The fourth installment of the Mas Arai mystery series and the precursor to Strawberry Yellow, Blood Hina is now in paperback for the first time.
“Mas Arai is a wholly original sleuth—reluctant, curmudgeonly, and irresistible.”
— Nina Revoyr, author of Lost Canyon, Southland, and Wingshooters
Mas Arai's best friend Haruo is getting married, and he has grudgingly agreed to serve as best man. But when the ancient Japanese doll display that belongs to Haruo's fiancée goes missing, the wedding is called off with fingers pointed at Haruo. To save his friend's life, Mas must untangle a web of secrecy, heartbreaking memories, and murder dating all the way back to the Japanese American detention centers of World War II and drug-running of the 1980s.
“Mas Arai is a wholly original sleuth—reluctant, curmudgeonly, and irresistible. In Sayonara Slam, he delves into baseball, World War II, and the complex history between Japan and Korea, all while grappling with that most enduring mystery, love. Hirahara has created a story that’s both meaningful and great fun; you’ll be cheering until the very last play.”
— Nina Revoyr, author of Lost Canyon, Southland, and Wingshooters
“Mas is a hyperobservant, methodical sleuth—a blend of Columbo and Hercule Poirot—but what makes this award-winning series shine is the way Hirahara takes readers inside her character’s head. A winner.”
— Booklist
“Hirahara has crafted a pitch-perfect blend of mystery with threads of history… a pleasingly multi-layered mystery that is both entertaining and thought-provoking.”
— Craig Sisterson, Crime Watch
“In a genre in which unusual amateur sleuths are the norm, Mas Arai is in a class by himself.”
— Oline Cogdill, Florida Sun-Sentinel and many other Tribune newspapers
"Hirahara would seem to be telling the quiet story of a coming home, but it’s also a metaphorical ghost story — the ghost images of the Japan Mas remembers, the atomic bomb and its far-reaching shadow, Mas’s dead friend, and a young boy whose body Mas discovers during his visit. The subsequent investigation launches a compelling plot, but the heart of the book, where it transcends its genre, is Hirahara’s moving exploration of the ways people are haunted.”

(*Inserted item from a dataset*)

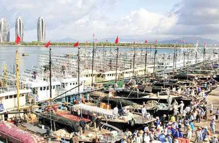 | Tàu cá Trung Quốc tại cảng Tam Á, tỉnh Hải Nam, chuẩn bị cho một đợt đánh bắt trái phép trên biển Đông - Ảnh: China Daily |

— The Los Angeles Daily News, which included Hiroshima Boy in their list of “5 Wonderful New Books for Southern California Readers”

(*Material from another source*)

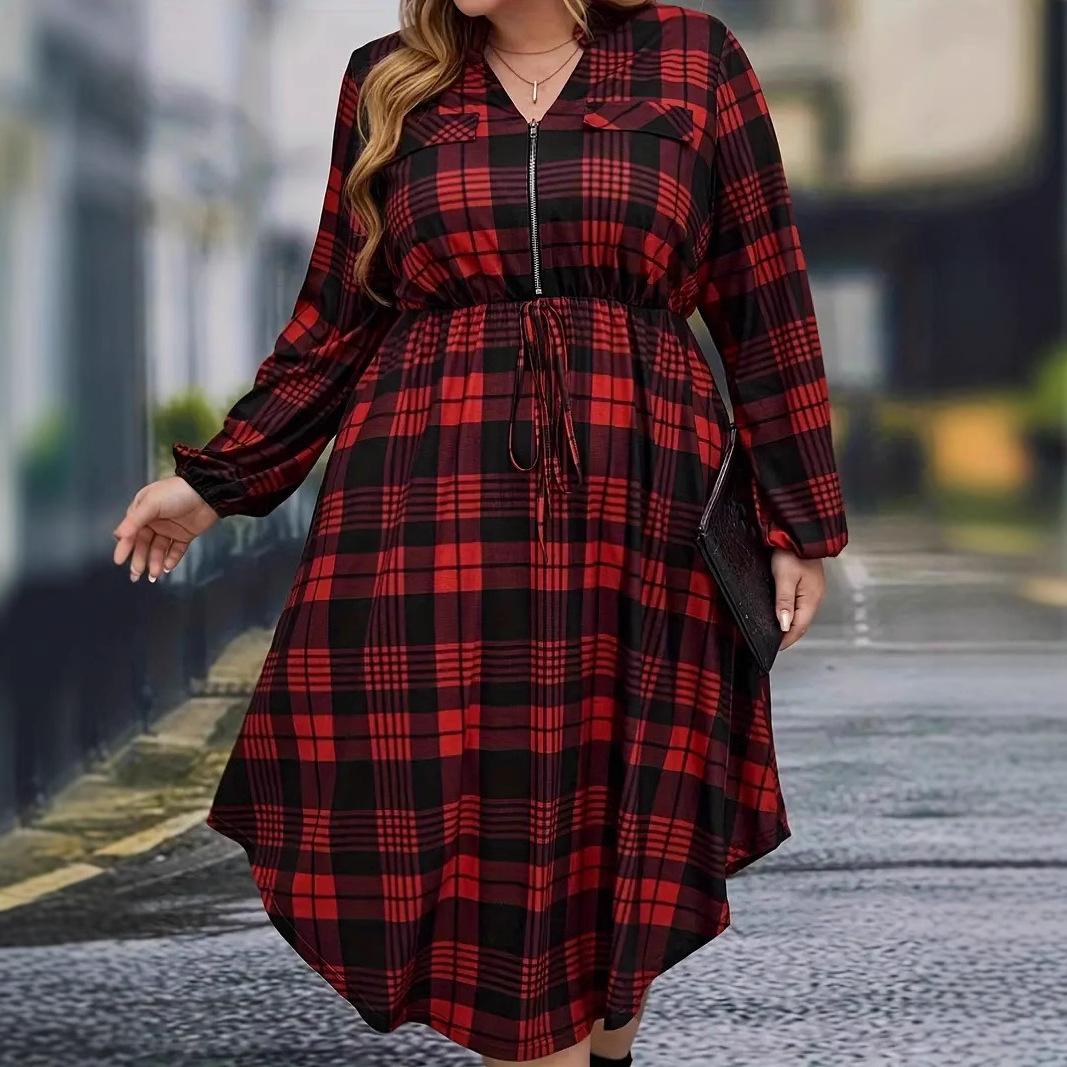 Женское платье больших размеров с клетчатым принтом, повседневное платье с длинным рукавом и V-образным вырезом на молнии 4XL

“I’ve always admired Naomi Hirahara’s Mas Arai. A brilliant, unique addition to mystery fiction from the very beginning, his character has straddled time, place, and culture, with roots in one of the most terrible acts of violence war has ever inflicted upon humanity....I am sure readers will come to love Mas for years to come—he is one of a kind.”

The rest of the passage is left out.